**What this task involves**
Please write out only the lines from the line with "the experience. |" to the line with "Gładki blat stołu, imitujący", inclusive, exactly as they stand below, without the pictures.

**Information supplied**
##########

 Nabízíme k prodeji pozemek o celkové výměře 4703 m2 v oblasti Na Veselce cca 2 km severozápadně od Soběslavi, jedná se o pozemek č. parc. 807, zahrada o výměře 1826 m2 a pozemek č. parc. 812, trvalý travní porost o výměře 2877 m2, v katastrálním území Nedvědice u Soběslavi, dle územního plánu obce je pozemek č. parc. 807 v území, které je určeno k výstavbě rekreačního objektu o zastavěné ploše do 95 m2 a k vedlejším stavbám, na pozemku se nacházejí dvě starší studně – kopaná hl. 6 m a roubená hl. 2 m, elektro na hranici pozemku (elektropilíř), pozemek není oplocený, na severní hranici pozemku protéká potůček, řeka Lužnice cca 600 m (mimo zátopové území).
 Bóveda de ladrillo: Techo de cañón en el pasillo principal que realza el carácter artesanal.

##########

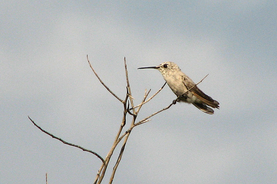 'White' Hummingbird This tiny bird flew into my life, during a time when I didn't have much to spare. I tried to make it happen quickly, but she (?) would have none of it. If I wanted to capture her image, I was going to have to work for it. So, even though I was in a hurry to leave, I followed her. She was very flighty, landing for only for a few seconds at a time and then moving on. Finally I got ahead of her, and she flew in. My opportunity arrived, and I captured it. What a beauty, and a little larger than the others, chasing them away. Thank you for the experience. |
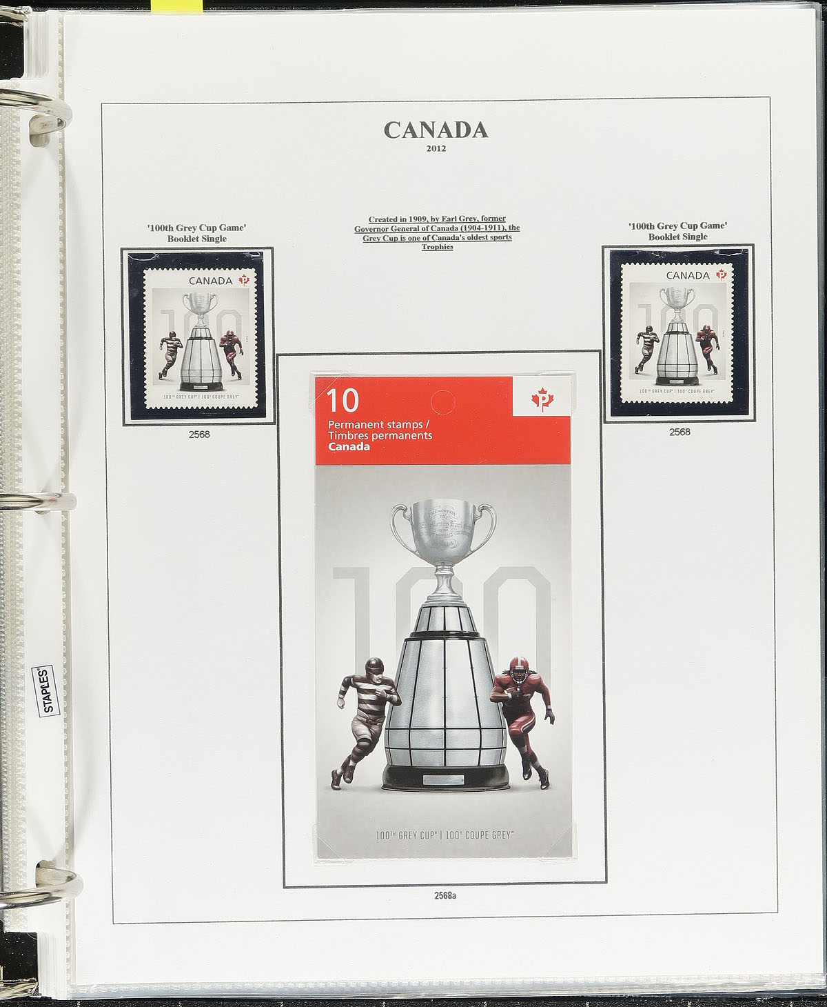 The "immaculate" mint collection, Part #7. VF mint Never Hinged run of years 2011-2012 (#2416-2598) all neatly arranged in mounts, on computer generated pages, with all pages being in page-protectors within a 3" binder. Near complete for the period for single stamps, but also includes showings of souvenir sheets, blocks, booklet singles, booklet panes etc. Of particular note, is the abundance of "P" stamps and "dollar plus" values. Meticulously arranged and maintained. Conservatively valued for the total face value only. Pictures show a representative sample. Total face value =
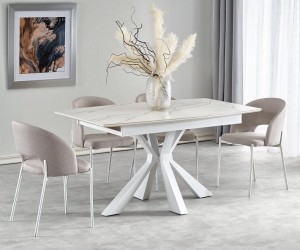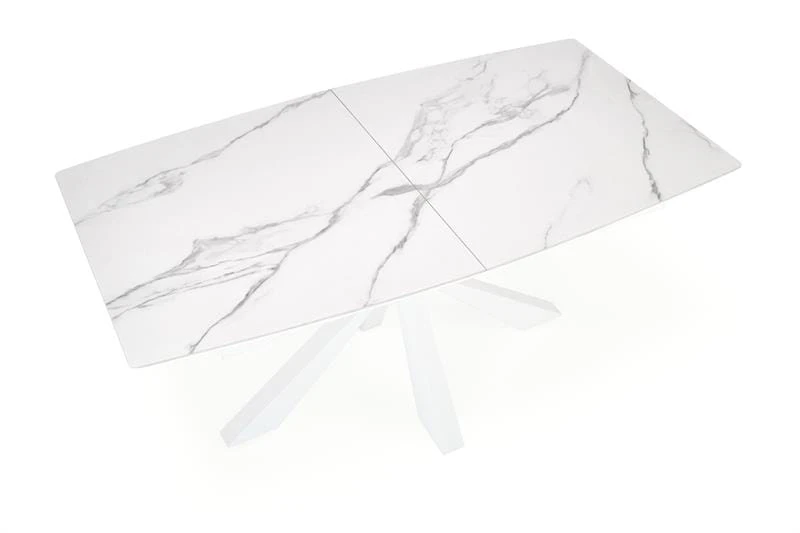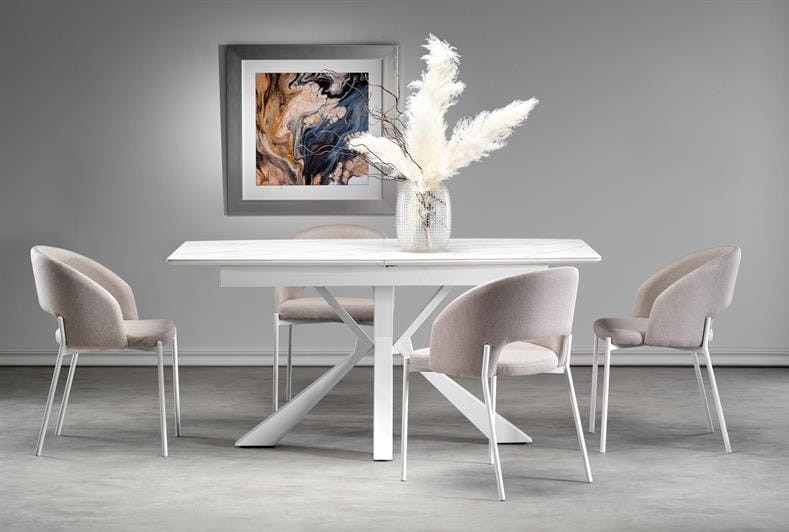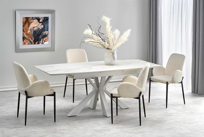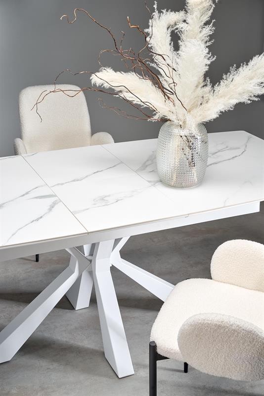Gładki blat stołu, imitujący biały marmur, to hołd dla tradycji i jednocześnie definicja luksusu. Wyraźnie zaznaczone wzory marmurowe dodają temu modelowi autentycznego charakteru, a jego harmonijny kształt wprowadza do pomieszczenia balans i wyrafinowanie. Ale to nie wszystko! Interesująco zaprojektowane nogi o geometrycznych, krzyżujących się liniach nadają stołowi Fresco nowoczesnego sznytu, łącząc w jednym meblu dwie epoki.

##########

**Output below**
 'White' Hummingbird This tiny bird flew into my life, during a time when I didn't have much to spare. I tried to make it happen quickly, but she (?) would have none of it. If I wanted to capture her image, I was going to have to work for it. So, even though I was in a hurry to leave, I followed her. She was very flighty, landing for only for a few seconds at a time and then moving on. Finally I got ahead of her, and she flew in. My opportunity arrived, and I captured it. What a beauty, and a little larger than the others, chasing them away. Thank you for the experience. |
 The "immaculate" mint collection, Part #7. VF mint Never Hinged run of years 2011-2012 (#2416-2598) all neatly arranged in mounts, on computer generated pages, with all pages being in page-protectors within a 3" binder. Near complete for the period for single stamps, but also includes showings of souvenir sheets, blocks, booklet singles, booklet panes etc. Of particular note, is the abundance of "P" stamps and "dollar plus" values. Meticulously arranged and maintained. Conservatively valued for the total face value only. Pictures show a representative sample. Total face value =
Gładki blat stołu, imitujący biały marmur, to hołd dla tradycji i jednocześnie definicja luksusu. Wyraźnie zaznaczone wzory marmurowe dodają temu modelowi autentycznego charakteru, a jego harmonijny kształt wprowadza do pomieszczenia balans i wyrafinowanie. Ale to nie wszystko! Interesująco zaprojektowane nogi o geometrycznych, krzyżujących się liniach nadają stołowi Fresco nowoczesnego sznytu, łącząc w jednym meblu dwie epoki.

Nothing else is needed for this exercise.